Veterans at Home

4 minute read

Every soldier has a story, though that doesn’t mean it always gets told. Some can’t stand to talk about what they did or saw or suffered; others are like former Marine captain Seth Moulton, just elected to Congress from Massachusetts, who never even told his parents how he won two medals for courage under fire. “There is a healthy disrespect among veterans who served on the front lines for people who walk around telling war stories,” he told the Boston Globe.

But what about the stories that follow? The ones after the fighting is over, about what helps, what heals, what happens next? In anticipation of Veterans Day, a TIME team led by editor Dan Macsai has worked with Facebook, Instagram, photo collective everydayusa and veterans’ groups like Iraq & Afghanistan Veterans of America to capture a wide range of stories and images of the country’s vets. In recent weeks, photo editor Phil Bicker has curated galleries by photographers including Nina Berman and Peter van Agtmael, and reporter Olivia B. Waxman has posted “as told to” stories like “Yes, I Really Catch Pythons to Treat My PTSD,” by former Marine corporal Jorge Martinez. “Out in the Everglades, it’s almost impossible to hear loud noises,” he says. “It’s very peaceful, almost like meditation. I have a mission to accomplish, and that mission is to catch a python. I stay alert, always vigilant, something that comes natural now after being trained in the military.”

We hear from Angela Madsen, a 54-year-old former Marine and grandmother of five, who is the first paraplegic woman to row across the Atlantic and Indian oceans. “I like rowing because I don’t do it in a wheelchair,” she says. “Nobody even knows I’m different when they see me in a boat on the water.” Her longest trip took 67 days. “Those rows are a lot like deployment,” she says. “I’m away from my family for a long period of time, doing something that’s risky and dangerous and physically uncomfortable … It’s like living in the inside of a washing machine. At the end of the day, I’m living out the Marine Corps Core Values: honor, courage and commitment.”

Sometimes adjustment and recovery take the form of service, especially to other veterans; sometimes they take the form of art. Former Marine Roman Baca served in Fallujah from 2005 to 2006; he’s now the artistic director of Exit12 Dance Company in New York City, which performs ballets inspired by the military experience. “Even in a war zone, a soldier can forget about the constant threat of danger while watching a sunset over the desert or seeing children play like all children do on the streets we patrolled,” he says. Performing a ballet based on those scenes “opened my eyes to a new way that I could engage society after being separated by experiences of war. There has been some healing in creating these ballets.”

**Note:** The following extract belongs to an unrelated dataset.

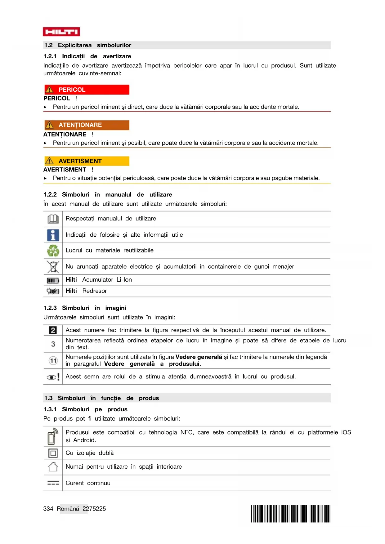 În acest manual de utilizare sunt utilizate următoarele simboluri: Respectaţi manualul de utilizare Indicaţii de folosire şi alte informaţii utile Lucrul cu materiale reutilizabile Nu aruncaţi aparatele electrice şi acumulatorii în containerele de gunoi menajer Hilti Acumulator LiIon Hilti Redresor

The hard work of healing, of course, starts at places like Walter Reed National Military Medical Center, where TIME contract photographer James Nachtwey shot this week’s photo essay. The accompanying text was written by Karl Vick, our former Jerusalem bureau chief, who covered the Iraq War for the Washington Post. “One gratifying thing was learning that the high-tech part that is working so well on physical wounds, especially in ‘adaptive sports,’ turns out to dovetail with the approaches that are bearing fruit in treating the psychological piece,” Vick observes, “by putting vets back with other vets, getting the endorphins flowing and in many cases giving them a sense of mission.”

Nancy Gibbs, EDITOR

BEHIND THE STORY

Cedric King, the Army master sergeant we profile on page 46, finished his first New York City Marathon on Nov. 2–despite breaking his prosthetic legs twice.